Девять

Александр Асмолов
     Нужно было успеть накрыть стол к приходу гостей. Он подгонял себя, упрекая за мелкие ошибки и промахи. Салаты уже заняли своё место среди бокалов, копчености манили густым ароматом, тонкие ломтики красной рыбы красовались на больших блюдах с оливками и зеленью, паштеты оттеняли ободки хрустальных плошек, а наваристый холодец, казалось, вздрагивал от его торопливых шагов. Не рано ли он выложил маринованные помидоры, эти налитые красавцы могут подсохнуть, ожидая своего часа. Будет жаль, если их тугие красные бока перестанут отсвечивать десятками огоньков люстры. Он то и дело забегал на кухню за чем-нибудь, и проверял в духовке огромный противень с поросенком.
Не прозевать бы!

     Да, нужно положить серебряные ложечки для паюсной икры. Куда они их прячут. Вот народ, никакого порядка. Даже на кухне. Квартиру купить, мебель итальянскую на кухне – это, пожалуйста, а вот все разложить по своим местам – никогда. Ну, это и понятно - плати деньги, приедут, все привезут, смонтируют и пыль вытрут, а дальше-то самим надо. Нет, если бы не мать он бы ни за что не согласился. Стать третьим мужем! Всего на год, а там как сложится. С хозяйством или делами, какими он справится, а с этой-то как быть. Он её еще в глаза не видел, вдруг не понравится. Нет, привередой или брюзгой он не был. Сам не красавец и без претензий, но так вот – с бухты-барахты.

     Мать всё устроила, договорилась, люди придут… Черт, куда же они ложки могли спрятать! Вот как жить с человеком, который серебряные ложки спрячет, и сам не знает где. И спроси-то не у кого. Эдак, вот, хозяйничаешь в чужом доме, стараешься, чтоб красиво было да хорошо, а ну – не понравится. Знаю я этих женщин! У самих, что в сумочке, что в кошельке – порядка не бывает, а уж поучать других, это – завсегда. Интересно, что мать подобрала для него в этот раз. Небось, опять гренадёр. Вот любит она дородных женщин - чтобы всё было. Чтобы наша была лучше всех! Он, конечно, постарается – будет внимательным, заботливым, ласковым. Было бы чем… Впрочем, дай Бог, детишки пойдут, все и сложится. Ну, что ж стучать-то так. Должно быть, гости уже пришли, а он не успел. Вот беда-то. Куда же они ложечки попрятали. Будут так стучать, еще дверь сломают. Надо открывать. Только вот впотьмах и не разберешь где что.

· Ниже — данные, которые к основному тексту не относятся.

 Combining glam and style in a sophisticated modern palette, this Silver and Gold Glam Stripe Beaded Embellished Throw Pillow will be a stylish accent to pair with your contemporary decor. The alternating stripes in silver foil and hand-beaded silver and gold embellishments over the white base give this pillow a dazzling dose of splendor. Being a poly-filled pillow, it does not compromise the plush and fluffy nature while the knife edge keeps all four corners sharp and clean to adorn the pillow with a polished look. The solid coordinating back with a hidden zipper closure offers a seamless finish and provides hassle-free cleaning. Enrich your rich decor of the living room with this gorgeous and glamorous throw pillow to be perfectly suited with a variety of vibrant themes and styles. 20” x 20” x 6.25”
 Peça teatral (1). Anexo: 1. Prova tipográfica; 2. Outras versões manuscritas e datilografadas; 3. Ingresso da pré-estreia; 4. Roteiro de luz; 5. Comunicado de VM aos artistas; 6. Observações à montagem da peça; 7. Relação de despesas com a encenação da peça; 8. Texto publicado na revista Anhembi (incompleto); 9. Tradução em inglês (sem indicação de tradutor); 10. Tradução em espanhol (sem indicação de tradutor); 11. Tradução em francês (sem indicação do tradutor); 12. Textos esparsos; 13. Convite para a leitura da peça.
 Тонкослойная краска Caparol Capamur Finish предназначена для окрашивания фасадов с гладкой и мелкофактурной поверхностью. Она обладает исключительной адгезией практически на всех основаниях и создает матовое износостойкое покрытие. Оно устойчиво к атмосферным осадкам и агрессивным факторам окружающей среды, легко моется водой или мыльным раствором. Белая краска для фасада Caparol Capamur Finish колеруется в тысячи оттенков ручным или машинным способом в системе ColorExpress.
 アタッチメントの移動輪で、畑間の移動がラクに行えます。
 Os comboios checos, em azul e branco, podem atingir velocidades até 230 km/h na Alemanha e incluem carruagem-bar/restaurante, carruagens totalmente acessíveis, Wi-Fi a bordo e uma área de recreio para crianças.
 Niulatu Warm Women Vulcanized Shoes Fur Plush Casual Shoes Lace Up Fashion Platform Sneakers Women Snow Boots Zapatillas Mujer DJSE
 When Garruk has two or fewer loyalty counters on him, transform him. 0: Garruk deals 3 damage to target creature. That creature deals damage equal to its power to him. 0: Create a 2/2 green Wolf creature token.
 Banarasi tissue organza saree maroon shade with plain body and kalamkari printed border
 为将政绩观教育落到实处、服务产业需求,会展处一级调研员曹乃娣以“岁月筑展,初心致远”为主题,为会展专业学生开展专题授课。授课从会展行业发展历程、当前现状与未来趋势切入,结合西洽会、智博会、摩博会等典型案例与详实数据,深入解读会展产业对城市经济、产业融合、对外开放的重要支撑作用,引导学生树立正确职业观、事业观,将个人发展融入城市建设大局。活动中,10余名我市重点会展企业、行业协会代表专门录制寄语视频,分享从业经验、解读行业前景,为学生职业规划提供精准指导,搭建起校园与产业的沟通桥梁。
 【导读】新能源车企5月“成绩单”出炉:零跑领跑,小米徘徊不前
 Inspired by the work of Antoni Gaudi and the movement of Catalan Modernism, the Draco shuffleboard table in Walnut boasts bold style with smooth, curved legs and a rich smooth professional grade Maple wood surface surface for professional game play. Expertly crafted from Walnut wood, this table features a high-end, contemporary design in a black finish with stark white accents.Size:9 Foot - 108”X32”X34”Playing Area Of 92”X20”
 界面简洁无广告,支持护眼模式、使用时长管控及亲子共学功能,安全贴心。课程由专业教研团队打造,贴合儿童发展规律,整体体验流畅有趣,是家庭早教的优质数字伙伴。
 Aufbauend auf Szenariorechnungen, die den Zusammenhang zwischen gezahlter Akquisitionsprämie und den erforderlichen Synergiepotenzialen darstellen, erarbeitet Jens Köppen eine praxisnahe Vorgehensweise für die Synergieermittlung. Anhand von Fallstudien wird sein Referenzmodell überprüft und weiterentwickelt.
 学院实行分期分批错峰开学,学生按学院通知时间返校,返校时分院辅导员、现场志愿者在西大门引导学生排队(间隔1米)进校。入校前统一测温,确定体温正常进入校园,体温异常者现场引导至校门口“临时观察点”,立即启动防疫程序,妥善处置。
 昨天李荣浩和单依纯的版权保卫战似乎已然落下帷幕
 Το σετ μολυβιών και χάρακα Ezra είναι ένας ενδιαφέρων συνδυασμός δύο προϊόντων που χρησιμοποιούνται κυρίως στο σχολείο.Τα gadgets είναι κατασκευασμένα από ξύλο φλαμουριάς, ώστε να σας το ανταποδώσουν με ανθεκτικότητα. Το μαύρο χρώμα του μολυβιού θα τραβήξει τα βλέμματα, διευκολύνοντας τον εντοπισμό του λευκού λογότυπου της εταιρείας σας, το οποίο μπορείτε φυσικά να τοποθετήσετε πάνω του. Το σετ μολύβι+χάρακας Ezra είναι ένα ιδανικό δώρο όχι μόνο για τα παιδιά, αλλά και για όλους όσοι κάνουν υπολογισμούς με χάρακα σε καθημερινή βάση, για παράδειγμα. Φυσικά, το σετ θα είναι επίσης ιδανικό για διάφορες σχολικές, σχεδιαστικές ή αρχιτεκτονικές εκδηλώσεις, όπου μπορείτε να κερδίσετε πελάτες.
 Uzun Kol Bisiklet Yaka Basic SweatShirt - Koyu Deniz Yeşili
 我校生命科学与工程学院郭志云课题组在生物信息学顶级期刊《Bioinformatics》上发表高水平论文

     Михаил Львович начал медленно просыпаться. Сон не отпускал его сознание, цепко держа странным сюжетом, но ритмичный стук справа настойчиво возвращал к реальности. Господи, присниться же такое! Это что, меня в аренду сдали или – в кредит? Любопытно, под какие проценты. Стало интересно вновь вернуться в чужую квартиру, где он суетился вокруг огромного стола и ждал чьих-то гостей. Образ незнакомой женщины неуловимо присутствовал в его сознании, но он никак не мог зацепиться за какую-нибудь деталь. Назойливый стук справа мешал расслабиться и окунуться в дрему, где была та женщина. Загадочная и неизвестная. Вернее, было ощущение её присутствия. Будто она стояла за спиной, и он чувствовал её всем своим телом. Он не смог бы даже предположить, какого она роста или комплекции, какие у неё духи или волосы, но он знал, что она была там.
 
     Ритмичный стук справа усилился, и к нему прибавились чьи-то возгласы. Один приглушенный, другой высокий, всхлипывающий. Сон окончательно исчез, и Михаил Львович стал отчетливо слышать женский голос. В такт ударом в стену он звучал так призывно, что сомнений о причинах его происхождения не оставалось. Можно изучать иностранный язык или историю чужой страны, но нет науки, которая объясняла бы эмоции, порождающие человеческие возгласы. Она не нужна, ибо не требует перевода понятные для любой нации или племени обычный смех или плач, удивление или сладострастье. Да-да это были именно эти призывные звуки, которые женщина произносит в моменты наивысшего возбуждения. Сколько раз он слышал их в тех фильмах, где женщины не говорили, а только всхлипывали, вскрикивали и так страстно стонали, что все внутри него тоже начинало стонать. Это был свет далекого маяка, что в любую непогоду, едва мелькнув на горизонте, звал его к себе. Он был желанным и недосягаемым. Призрачным видением всей его жизни. Он был тем, чему никогда не суждено сбыться, и Михаил Львович знал это.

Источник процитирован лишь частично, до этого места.